Talk:Special factorials: Difference between revisions

Reverse factorial algorithm

I took a stab at translating the reverse factorial algorithm used in the Factor entry to Java. It should be almost as efficient as taking the factorial itself. <lang java>public static int rf(int n) {

   if (n == 1)
     return 0;

   int a = 1;
   int b = 1;
   while (n > a) {
     b++;
     a = a * b;
   }
   if (a == n)
     return b;
   else return -1; //undefined
 }</lang>

--Chunes (talk) 17:06, 16 March 2021 (UTC)

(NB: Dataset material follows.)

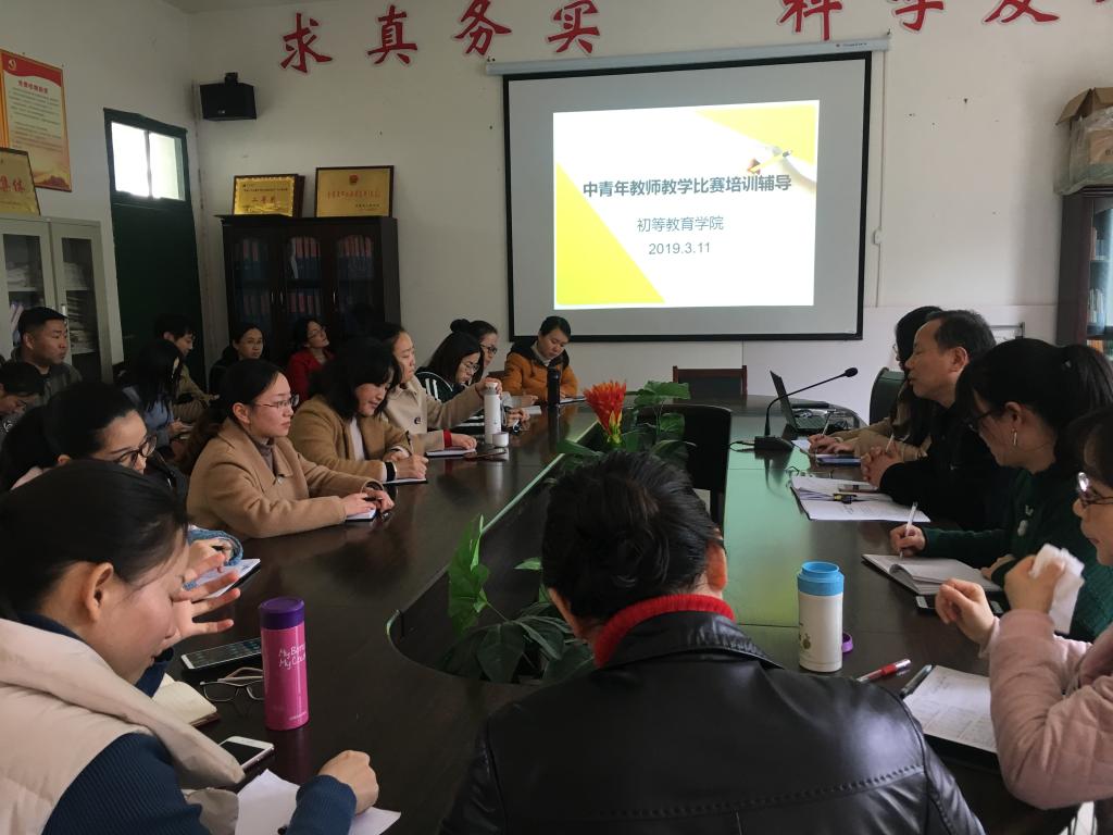 为进一步检验和提升我院中青年教师的教学水平,提高人才培养质量,为广大中青年教师搭建互相交流、学习、展示教学风采的平台,初等教育学院计划于2019年4月份举办中青年教师教学比赛。为了让所有参赛教师能够充分了解此次比赛,并为此做好充分准备,初等教育学院于2019年3月11日中午1:00举办了教师教学比赛培训。此次培训由在学校教学比赛中取得优异成绩的徐海燕老师主讲。
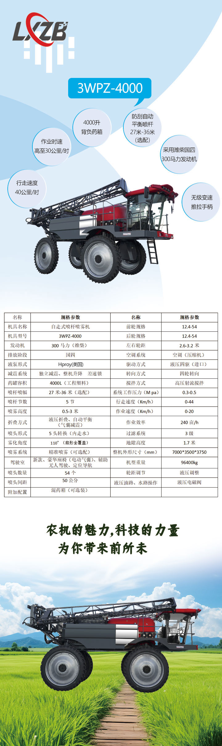 3WPZ-4000噴藥切頂及一體的全液壓噴桿噴霧機(jī)。這款機(jī)器行走速度可達(dá)40公里每小時(shí)。作業(yè)時(shí)速可達(dá)30公里每小時(shí)。 3WPZ-4000這款車(chē)搭配4000升背負(fù)式藥箱;30米防刮氣囊減震噴桿,搭配5頭轉(zhuǎn)換進(jìn)口噴頭。 此機(jī)型采用濰柴國(guó)四排放標(biāo)準(zhǔn)300馬力發(fā)動(dòng)機(jī),ACE757升流量進(jìn)口泵,輪邊液壓驅(qū)動(dòng),進(jìn)口液驅(qū)系統(tǒng)由PMP公司配套以及售 后。經(jīng)過(guò)長(zhǎng)時(shí)間高負(fù)荷測(cè)試,液驅(qū)方案可靠性較強(qiáng)。 該車(chē)搭配四輪獨(dú)立懸掛,減震效果非常出色。駕駛感舒適,大程度降低故障率。適合全地形作業(yè)。 配備兩把差速鎖:強(qiáng)制四驅(qū),提高防陷能力。該款機(jī)器配備底盤(pán)升降功能,整機(jī)可以升高0.4米。從16米升高至2米 底盤(pán)升降與獨(dú)立懸掛和差速鎖的搭配使用。讓這臺(tái)機(jī)器實(shí)現(xiàn)了全地形,全作物,全區(qū)域無(wú)差作業(yè)。 無(wú)級(jí)變速推拉手柄操作行走非常簡(jiǎn)單。整車(chē)全部功能都可以在扶手箱電控按鍵進(jìn)行操作。 增壓駕駛室寬敞明亮,保護(hù)駕駛員安全。配備豪華氣動(dòng)懸浮座椅,副駕駛位。 智能車(chē)載系統(tǒng)可以清晰顯示油溫水溫轉(zhuǎn)速等基本信息并且搭配進(jìn)口智能?chē)婌F系統(tǒng)。

Note that the   factorial inverse   (or  reverse factorial)   of   unity   has two possible answers:   zero   and   unity.

It is normal when searching a series   (in this case, the series of factorial products)   to use the first match found in the series.     -- Gerard Schildberger (talk) 17:37, 16 March 2021 (UTC)

Good catch. I revised the algorithm above and will make a note about it in the task description. --Chunes (talk) 17:58, 16 March 2021 (UTC)

Why is af(0) 0?

Is it that 0 is the additive identity the way that factorial of 0 is 1 is the multiplicative identity? If so why should it be the identity anyway?

I think it's just that the formula literally produces 0 for n = 0.

First run through, i is 1, this produces -1. Second run through, i is 0, this produces 1 and their sum is 0. --Chunes (talk) 17:36, 16 March 2021 (UTC)